Неудивительно, что людей, у которых почва заколебалась под ногами, стала преследовать мысль о конце. Античный человек и прежде был склонен к трагическому взгляду на будущее; к тому же древний мир действительно близился к закату.
Постепенно из восточных провинций в Рим начинают просачиваться религиозные веяния, созвучные этой настроенности. Римляне открывают для себя мир эллинистических мистерий и пытаются найти в них опору, которой не давала им вера предков.
Египетские, фригийские, сирийские боги вошли в римский пантеон.
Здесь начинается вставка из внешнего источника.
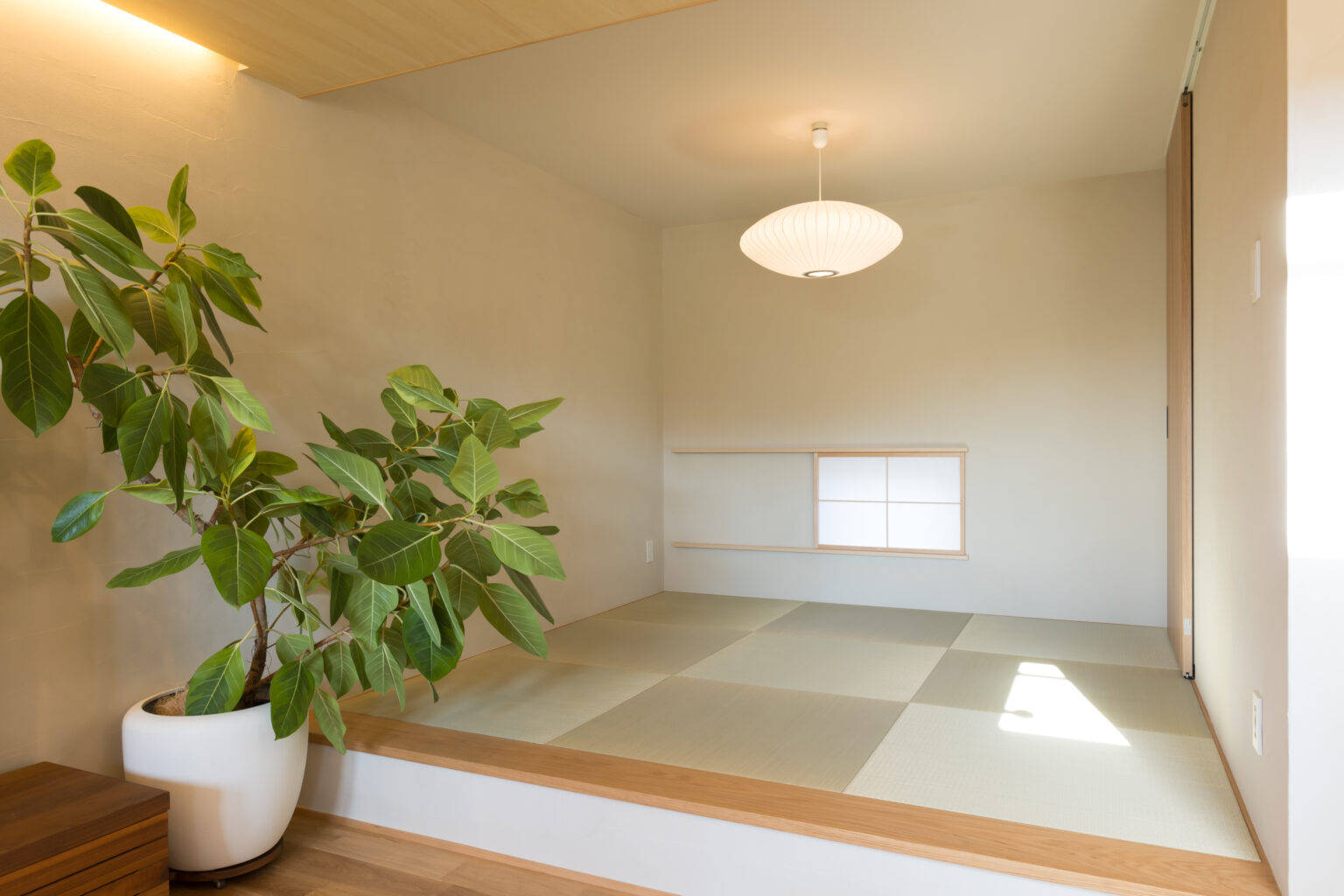 シナベニア貼の天井、壁は漆喰塗。

«Римляне, – писал позднее Минуций Феликс, – ищут повсюду чужестранных богов и делают их своими, строят жертвенники даже неизвестным богам». Паломники ехали в Элевсин, к берегам Оронта и Нила, входили под своды странных чужих храмов, чтобы принять посвящение и получить залог бессмертия. Философия первых веков нашей эры в Риме переживала кризис. Большей частью философы приспосабливались к требованиям времени, пропагандировали теорию об «идеальном просвещенном монархе», призывали к терпению и повиновению властям. Такое настроение объяснялось ещё и тем, что в результате масштабных завоеваний Рим буквально наводнили толпы рабов. Их относили к разряду «говорящих орудий» в хозяйстве (А. Валлон. История рабства в античном мире. М., 1941, с. 281). Без рабов уже не могли обходиться нигде: ни в гостиной, ни в мастерских, ни на полях; при этом их ненавидели и боялись. «Сколько рабов – столько врагов», – говорили римляне. Когда рабы пытались бежать или бунтовали, к ним не знали пощады: их клеймили, бросали хищным зверям, пытали и распинали на крестах.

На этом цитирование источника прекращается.